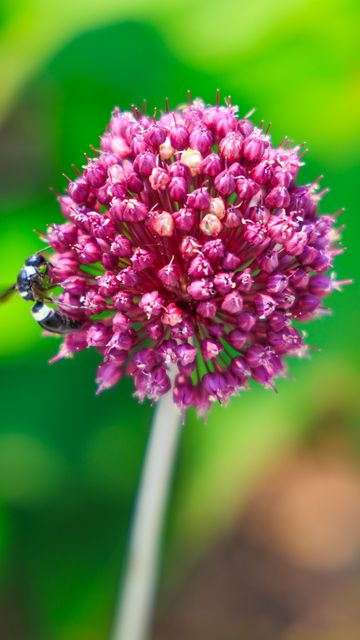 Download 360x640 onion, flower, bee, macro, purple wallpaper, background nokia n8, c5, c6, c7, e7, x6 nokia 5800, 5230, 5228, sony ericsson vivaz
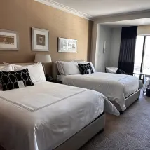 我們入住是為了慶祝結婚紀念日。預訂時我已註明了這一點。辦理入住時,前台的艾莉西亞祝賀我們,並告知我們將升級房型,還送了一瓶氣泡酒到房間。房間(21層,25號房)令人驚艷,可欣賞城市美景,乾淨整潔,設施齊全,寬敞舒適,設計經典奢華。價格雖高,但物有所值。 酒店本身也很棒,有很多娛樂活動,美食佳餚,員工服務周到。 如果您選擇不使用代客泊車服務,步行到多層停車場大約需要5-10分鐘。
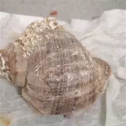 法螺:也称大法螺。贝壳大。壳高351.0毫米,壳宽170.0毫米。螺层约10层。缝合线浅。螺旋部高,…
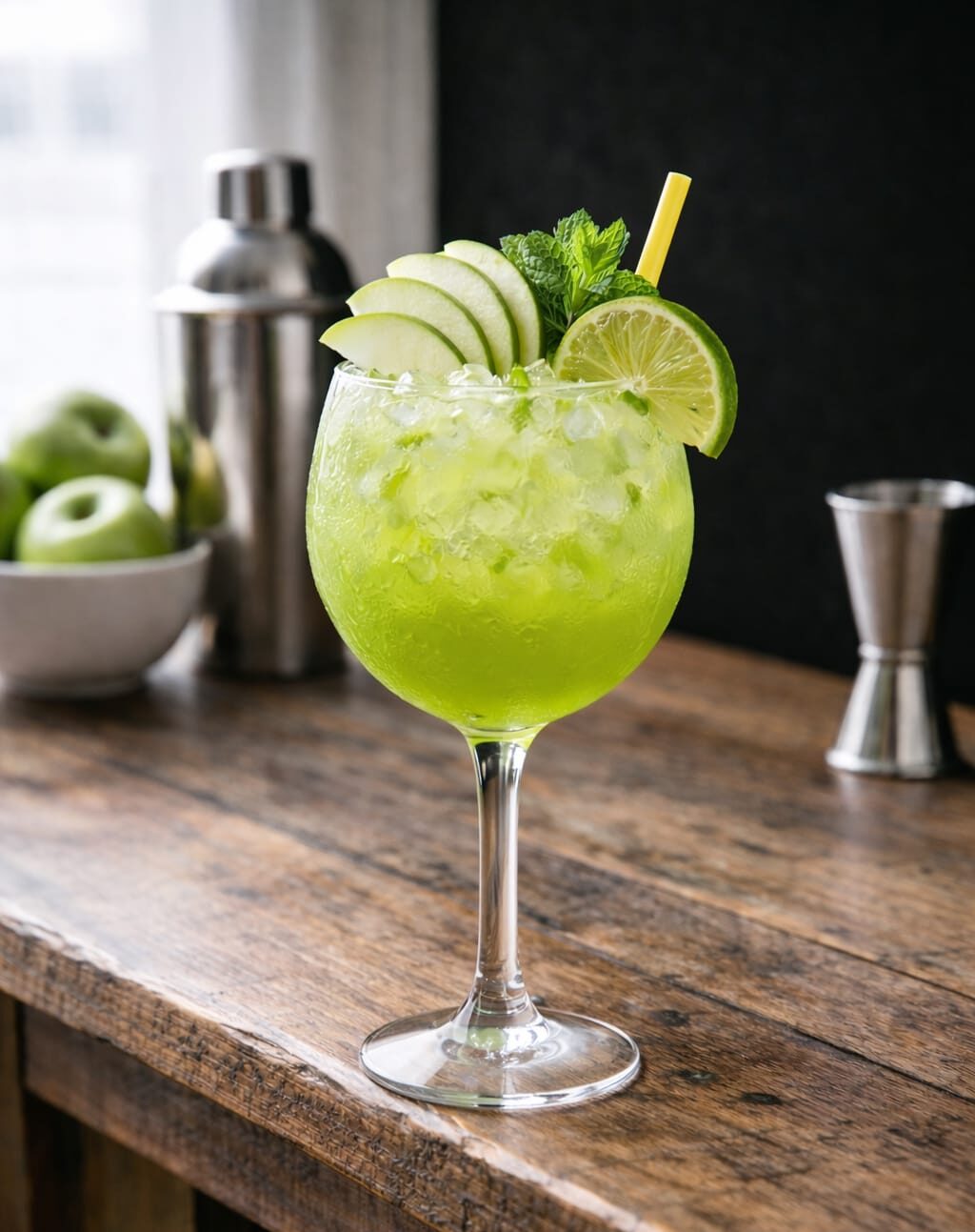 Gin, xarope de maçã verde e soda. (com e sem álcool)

※

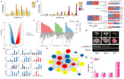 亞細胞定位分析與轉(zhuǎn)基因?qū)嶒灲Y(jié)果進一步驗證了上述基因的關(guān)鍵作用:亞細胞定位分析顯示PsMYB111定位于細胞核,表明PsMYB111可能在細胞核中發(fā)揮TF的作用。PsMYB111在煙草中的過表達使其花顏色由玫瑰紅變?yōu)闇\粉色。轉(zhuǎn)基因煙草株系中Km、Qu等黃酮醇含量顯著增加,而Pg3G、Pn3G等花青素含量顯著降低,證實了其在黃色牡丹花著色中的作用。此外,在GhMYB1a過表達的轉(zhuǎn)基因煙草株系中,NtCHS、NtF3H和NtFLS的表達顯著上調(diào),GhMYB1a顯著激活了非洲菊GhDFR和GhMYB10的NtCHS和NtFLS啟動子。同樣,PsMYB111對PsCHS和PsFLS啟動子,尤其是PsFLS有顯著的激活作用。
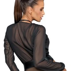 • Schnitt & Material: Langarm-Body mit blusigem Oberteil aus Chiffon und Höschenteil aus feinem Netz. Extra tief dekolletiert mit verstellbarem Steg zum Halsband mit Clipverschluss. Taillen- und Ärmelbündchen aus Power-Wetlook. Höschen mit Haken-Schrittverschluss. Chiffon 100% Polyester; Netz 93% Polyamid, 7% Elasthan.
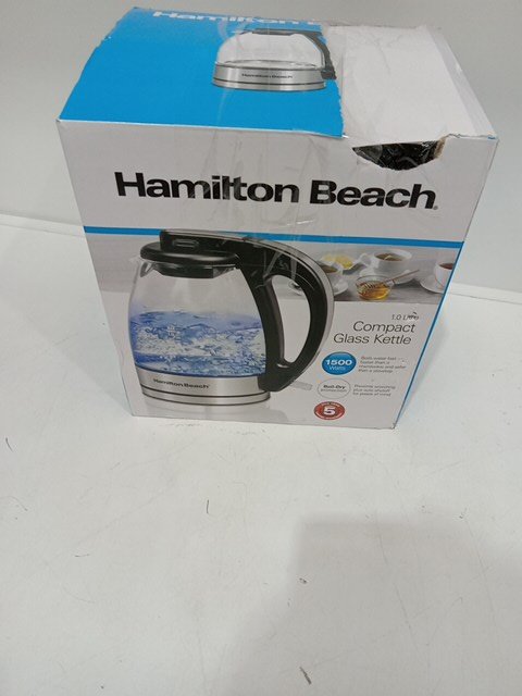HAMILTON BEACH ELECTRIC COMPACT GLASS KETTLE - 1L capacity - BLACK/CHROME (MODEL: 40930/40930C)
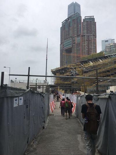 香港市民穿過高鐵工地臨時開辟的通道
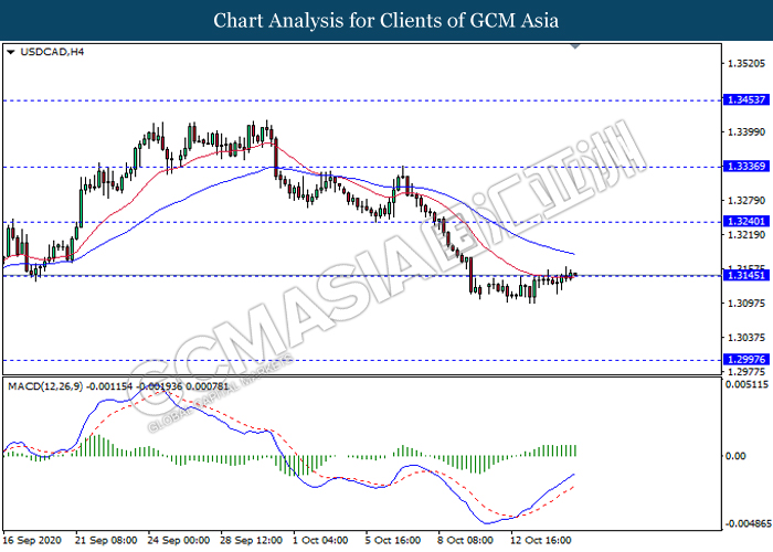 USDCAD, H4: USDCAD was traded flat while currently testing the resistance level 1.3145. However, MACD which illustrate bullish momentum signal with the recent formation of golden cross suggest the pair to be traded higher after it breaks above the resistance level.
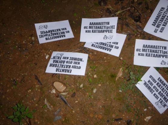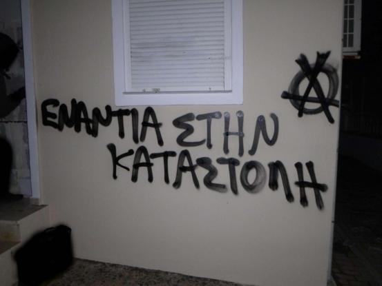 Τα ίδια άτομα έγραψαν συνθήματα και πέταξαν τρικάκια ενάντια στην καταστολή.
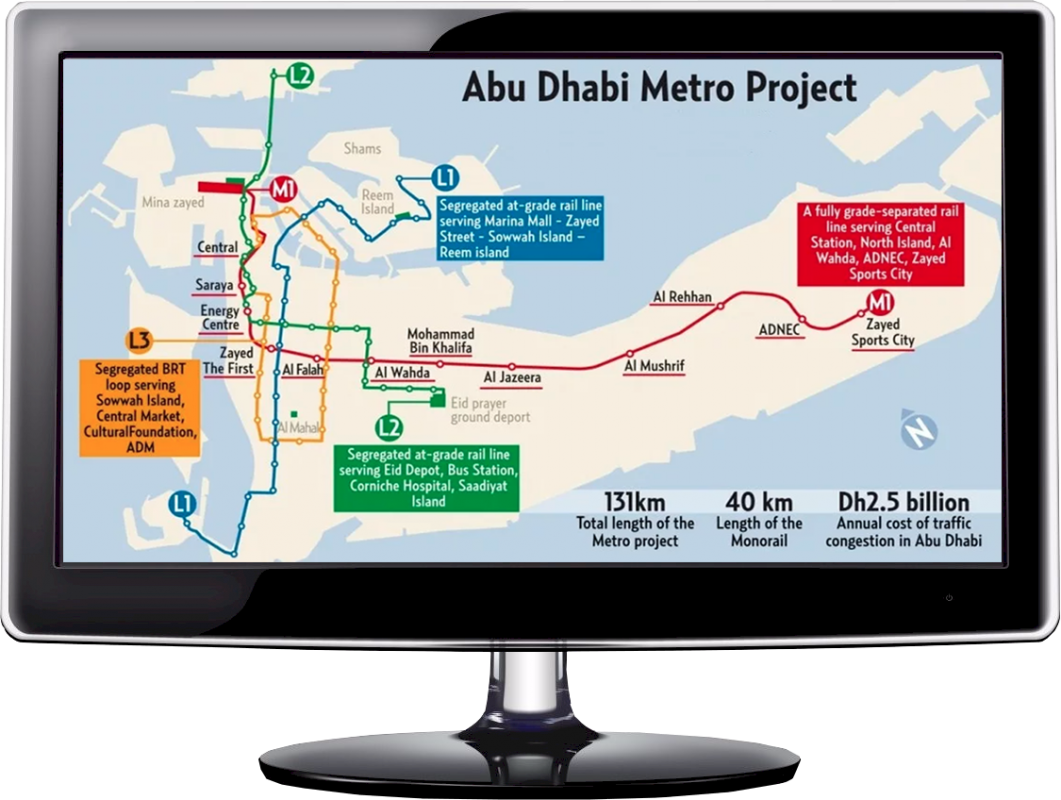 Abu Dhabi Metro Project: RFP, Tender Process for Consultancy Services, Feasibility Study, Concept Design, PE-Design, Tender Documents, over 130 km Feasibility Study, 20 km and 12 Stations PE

※

> _HOW TO COMPLETE THIS TASK_
In the entries above, find the line containing "USDCAD, H4: USDCAD" and the line containing "Abu Dhabi Metro", then copy both and every line between them exactly, without any picture.

> _YOUR SOLUTION_
 USDCAD, H4: USDCAD was traded flat while currently testing the resistance level 1.3145. However, MACD which illustrate bullish momentum signal with the recent formation of golden cross suggest the pair to be traded higher after it breaks above the resistance level.
 Τα ίδια άτομα έγραψαν συνθήματα και πέταξαν τρικάκια ενάντια στην καταστολή.
 Abu Dhabi Metro Project: RFP, Tender Process for Consultancy Services, Feasibility Study, Concept Design, PE-Design, Tender Documents, over 130 km Feasibility Study, 20 km and 12 Stations PE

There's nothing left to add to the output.